“砰!”
她的身體掉在地上。
四肢卻是扭曲的。
緊接著她直起了腰,四肢扭轉得咔嚓咔嚓的,胸部朝上,四肢扭曲朝下,腦袋往后軟趴趴地垂著,喉嚨里發出尖利的笑聲。
飛快地沖著吳秋秋爬過來。
“是你,應該是你嘻嘻嘻嘻。”
聲音越發的尖銳刺耳,眨眼間,已經變形的駱雪然就已經爬到了吳秋秋跟前。
吳秋秋一步都沒有后退,而是伸出手一把按住了駱雪然翻轉的頭顱。
“拙劣的幻境。

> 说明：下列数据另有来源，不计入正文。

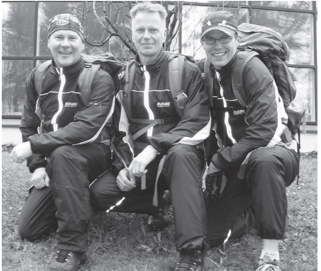
Me olemme Pohjois-Karjalasta, Suomesta.

Sen jälkeen joukkue on osallistunut kuusi kertaa maailman suurimpaan marssitapahtumaan Nijmegenin marssille Hollannissa ja viimeisimpänä Fulda-marsille Saksassa. Minä olen ollut puuhastelemassa kaikkia Team MPK:n retkiä. Yhdelle keikalle en saanut houkutelua ketään mukaan täältä meiltä päin, mutta en antanut sen omaa menoani häiritä, sillä samanhenkisii löy-
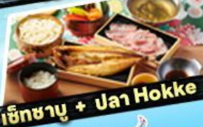
เซ็ทซาบู + ปลา Hokke
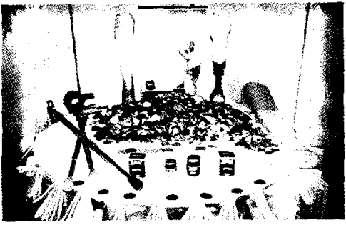
▲ ผ้าแบรนด์ที่นำไปใช้ประโยชน์เพื่อผู้พิการ

พร้อมกันนี้ ก็ขอเชิญชวนผู้ที่อยากมีส่วนร่วมในกิจกรรมดีๆ บริจาคเงินหรือนำผ้าแบรนด์หรือวัสดุอะลูมิเนียมเหลือใช้อื่นๆ นำมามอบให้แก่โครงการ เพื่อนำไปผลิตขาเทียมแจกจ่ายให้แก่ผู้
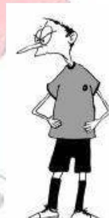
925 Neprimerno obnašanje
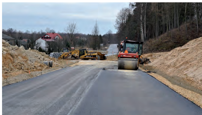
Obwodnica Kurozwek, w kierunku od drogi na Ponik do Niemścic, przy drodze wojewódzkiej Kurozweki-Staszów.
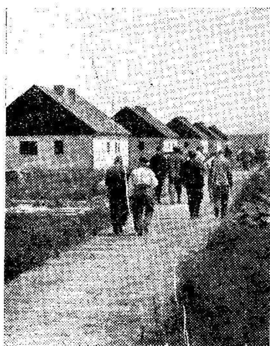
Existen en las afueras de Berlín, casas habitaciones para ocho mil personas. La foto muestra un grupo de casas recientemente edificadas para los parados.
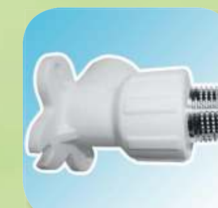
УГОЛЬНИК КОМБИНИРОВАННЫЙ С НАРУЖНОЙ РЕЗЬБОЙ (С КРЕПЛЕНИЕМ) Ø 20-1/2", 25-1/2", 25-3/4"
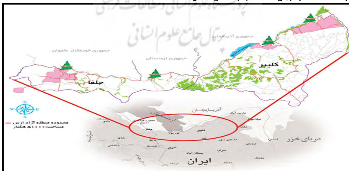
نقشه ۱ - موقعیت جغرافیایی منطقه آزاد ارس ( http://www.arasfz.ir/aras/aras-free-zone/location )

منطقه آزاد ارس در شمال غرب ایران در نقطه صفر مرزی در مجاورت با کشورهای ارمنستان، آذربایجان و جمهوری خودمختار نخجوان استقرار یافته است. بر اساس مصوبه هیأت وزیران در تاریخ ۱۳۸۴/۴/۷ به شماره ۲۰۷۰۸/ت/۵۳۰۸۲۰ محدوده منطقه آزاد ارس شامل ۹۷۰۰ هکتار از اراضی منطقه می‌شد که براساس مصوبه جدید این هیأت محترم در ۱۳۸۷/۹/۱۴ محدوده این منطقه به ۵۱ هزار هکتار شامل بخش‌هایی از ۲ شهرستان جلفا و خداآفرین افزایش یافت. این محدوده ابلاغی در بخش متصل، محدوده اصلی را از ۹۷۰۰ هکتار به ۲۰۵۰۰ هکتار افزایش داده است و در ۳ بخش منفصل
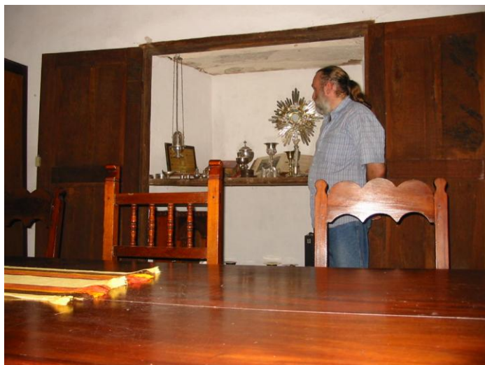
Srebrne naczynia liturgiczne z połowy XIX w. wykonane w warsztatach złotniczych na Guarayos.

”
唇邊輕輕勾勒起一抹笑意。
手腕上的紅線繞指,圈住了駱雪然的脖子,略一收緊,駱雪然瞳孔緊縮,一根根紅血絲遍布眼球,就像下一秒那雙眼球就會爆開了一樣。
“額......你敢,我的命亦是你的命,哈哈哈哈哈,你本就該受著。”
紅線深深勒進了她的脖子。
好像鋒利的刀刃,整整齊齊地切割了一圈。
邊緣處則是滲出粘稠的鮮血。
而那雙通紅的瞳孔,則是惡狠狠地看著吳秋秋,扭曲的四肢發出咔咔咔的動靜,好像下一秒她就要散架了。
這時,直直立在旁邊沒動的肖景辭的尸體,也像是突然受到了某種召喚似的抬起了腦袋。
那張明明很英俊的臉,此時是一片青黑色,眼眶周圍更是深深的裂開了。
一條條皸裂的紋路,就像干涸的大地一樣。
“都是你造成了這一切。”
肖景辭說。
“是嗎?”
吳秋秋左手拎著刀,卻是笑了。
“嘎嘎嘎嘎嘎。”
肖景辭怪笑一聲,頭顱向一邊偏著,猛一下就沖了過來。
與此同時吳秋秋察覺到自己動不了。
低頭一看才發現,那滿地的白骨,抓住了她的雙腿。
樹上吊著的尸體,集體下降,扣住她的胳膊。
面前的駱雪然露出一個扭曲至極的笑容。
肖景辭也是掐住了吳秋秋的脖子。
“如果我還是血肉之軀倒也罷了,但現在我也不是人,你們又能奈我何?”
吳秋秋喃喃自語一聲。
接著雙手旁若無人地抬了起來,彎刀鋒利的刀刃更是直直的劈向了肖景辭的面門。
“你們這些虛妄的東西,去死好了。”
鋒芒照亮了肖景辭皸裂的臉,也照見了他眼底的恐懼。
就在刀鋒離肖景辭面門不足一厘米的時候,吳秋秋硬生生停了下來。
她聽到了,肖景辭在大喊她的名字。
于是仔細看著這雙眼睛,片刻后,眉峰微微挑起。
“有點意思啊”
她說的有意思,不是眼前的肖景辭有意思,而是指這整個幻境有意思。
這一刀落下去,只怕真正的肖景辭也被她砍死了。
真是好一招借刀殺人。
還好關鍵時刻她停下來了,否則收手都來不及。
與此同時,肖景辭看到停在自己面門前的彎刀,冷汗直接就冒了下來。
就差那么一點點......
這把刀就會削下他的腦袋。
方才他們都走散了,結果再碰上吳秋秋的時候,卻發現吳秋秋面無表情,看上去有點不正常。
然后二話不說就要拿刀砍他,一厘米不到的距離啊。
幸虧在關鍵時刻,吳秋秋似乎發現了什么,停手了。
他試著開口:“能聽得到我說話嗎?”
面前的人依舊沒有反應,像是陷入了自己的思緒當中去。
顯而易見,他們眼中的世界是不一樣的。
就是不知道此刻在吳秋秋眼中,看到的又是何種光景?
他試著慢慢挪動身子,離那把彎刀遠了一些。
吳秋秋這邊則是看到肖景辭的尸體直挺挺地倒在了地上。
駱雪然則還在呲哇亂叫。
這是假的。
問題是,她要如何從這假的地方離開,回到真的樹林里去?
她旁若無人地踩著地上的白骨,掛在樹上的尸體若是擋路了,就被她隨意的撥開。
在樹上晃啊晃的吳秋秋也看習慣了。
明明是一副很恐怖的場景,偏偏被她走出了閑庭信步的感覺。
她是真不怕。
現在是要找到破除幻境的媒介。
她剛剛是怎么突然陷入的呢?
是踩到了骨頭,還是觸犯了什么東西?
突然,她腳步一頓,目光鎖定了路邊一個蓋著紅布的石墩子。